## AVAILABLE RECORDS
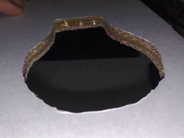 y marco de cartón con orificio como lámpara con LEDs hundido (oculto) dentro de
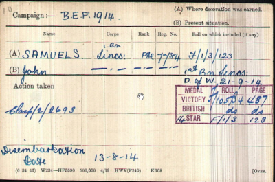 John Thomas SAMUELS, born in Wrexham, Denbighshire in Q2-1887 [Wrexham 11b:274] albeit this does not conform with his given age on enlistment. Not able to positively identify his family. His Army documents record his next of kin as father John SAMUELS, living at 18 Union Street, Glasgow in 1906 with his younger brother Frederick. Private John SAMUELS, born Wrexham, was serving with the 1st Battalion, Lincolnshire Regiment in Aden in the 1911 census. He was the grandson of Eliza SAMUEL (Newmarket Journal 24th October 1914) a widowed midwife (born Wrexham) living at 12 Granby Street, Newmarket. This was his address given on enlistment in 1906. John had enlisted in Bury St.Edmunds. (In "Soldiers Died" his residence is Blackford, Surrey ?) On enlistment into the 3rd Battalion Suffolk Regiment (No.7248) on 24th July 1906, he gave his place of birth as Wrexham, residence 12 Granby Street Newmarket, and his age as 18 years 6 months. He was single, 5 feet 4.25 inches (163.2 cm)tall, weighing 122 lbs (55.5 kg) and 31" (78.4 cm) chest. On 13th September 1906 he was transferred to the Lincolnshire Regiment. |
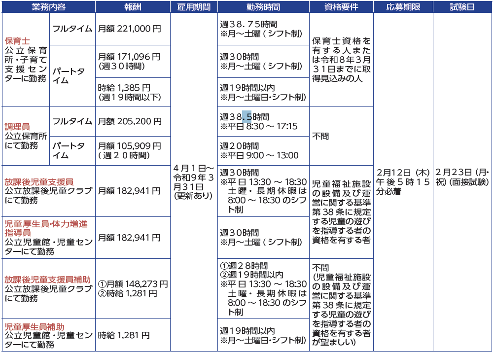 募集の詳細については各ホームページの募集要項をご確認ください。
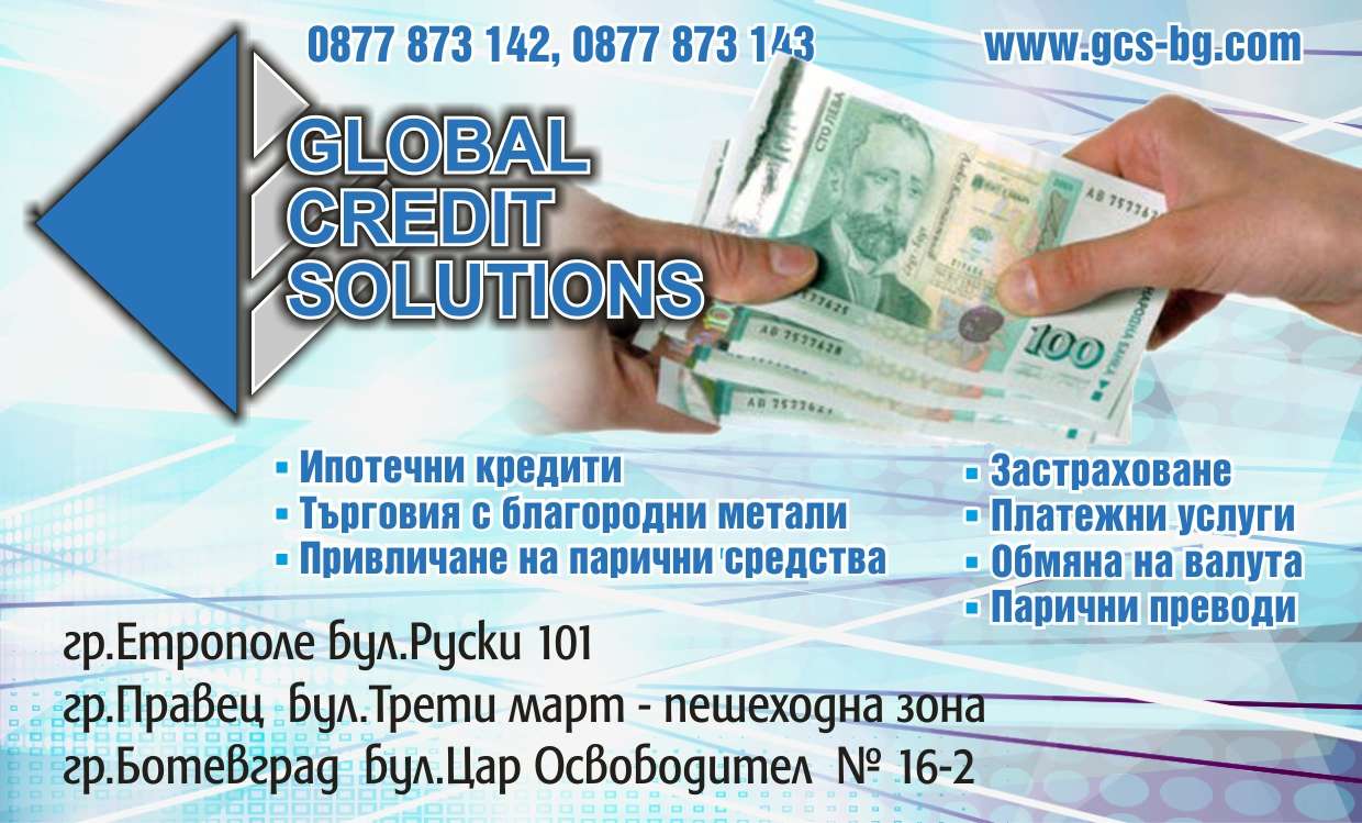GLOBAL CREDIT SOLUTIONS. Ипотечни кредити. Търговия с благородни метали. Привличане на парични средства. Застраховане. Платежни услуги. Обмяна на валута. Парични преводи.
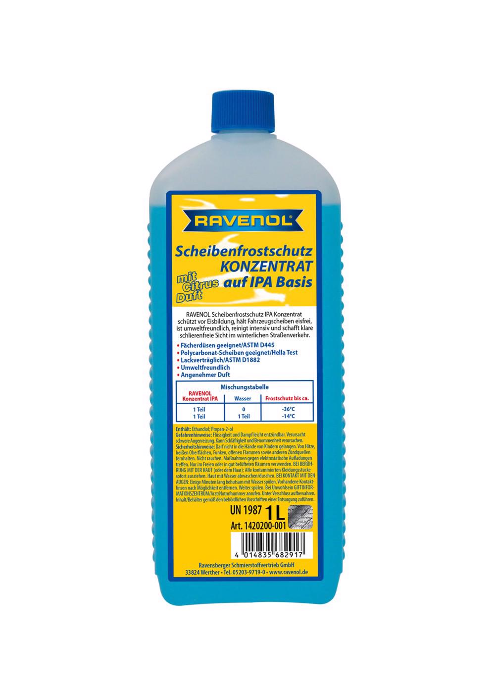 RAVENOL Scheibenfrostschutz IPA Konzentrat -solutie concentrata de parbriz pentru sezonul rece . Protejeaza parbrizul de inghet , curata si ofera vizibilitate crescuta in sezonul rece. Poate fi amestecat cu apa in urmatoarele proportii :

## WORK TO BE COMPLETED
Each line above should be written out again unchanged; no images are to be carried over.

## RESULT FOR THIS TASK
 y marco de cartón con orificio como lámpara con LEDs hundido (oculto) dentro de
 John Thomas SAMUELS, born in Wrexham, Denbighshire in Q2-1887 [Wrexham 11b:274] albeit this does not conform with his given age on enlistment. Not able to positively identify his family. His Army documents record his next of kin as father John SAMUELS, living at 18 Union Street, Glasgow in 1906 with his younger brother Frederick. Private John SAMUELS, born Wrexham, was serving with the 1st Battalion, Lincolnshire Regiment in Aden in the 1911 census. He was the grandson of Eliza SAMUEL (Newmarket Journal 24th October 1914) a widowed midwife (born Wrexham) living at 12 Granby Street, Newmarket. This was his address given on enlistment in 1906. John had enlisted in Bury St.Edmunds. (In "Soldiers Died" his residence is Blackford, Surrey ?) On enlistment into the 3rd Battalion Suffolk Regiment (No.7248) on 24th July 1906, he gave his place of birth as Wrexham, residence 12 Granby Street Newmarket, and his age as 18 years 6 months. He was single, 5 feet 4.25 inches (163.2 cm)tall, weighing 122 lbs (55.5 kg) and 31" (78.4 cm) chest. On 13th September 1906 he was transferred to the Lincolnshire Regiment. |
 募集の詳細については各ホームページの募集要項をご確認ください。
GLOBAL CREDIT SOLUTIONS. Ипотечни кредити. Търговия с благородни метали. Привличане на парични средства. Застраховане. Платежни услуги. Обмяна на валута. Парични преводи.
 RAVENOL Scheibenfrostschutz IPA Konzentrat -solutie concentrata de parbriz pentru sezonul rece . Protejeaza parbrizul de inghet , curata si ofera vizibilitate crescuta in sezonul rece. Poate fi amestecat cu apa in urmatoarele proportii :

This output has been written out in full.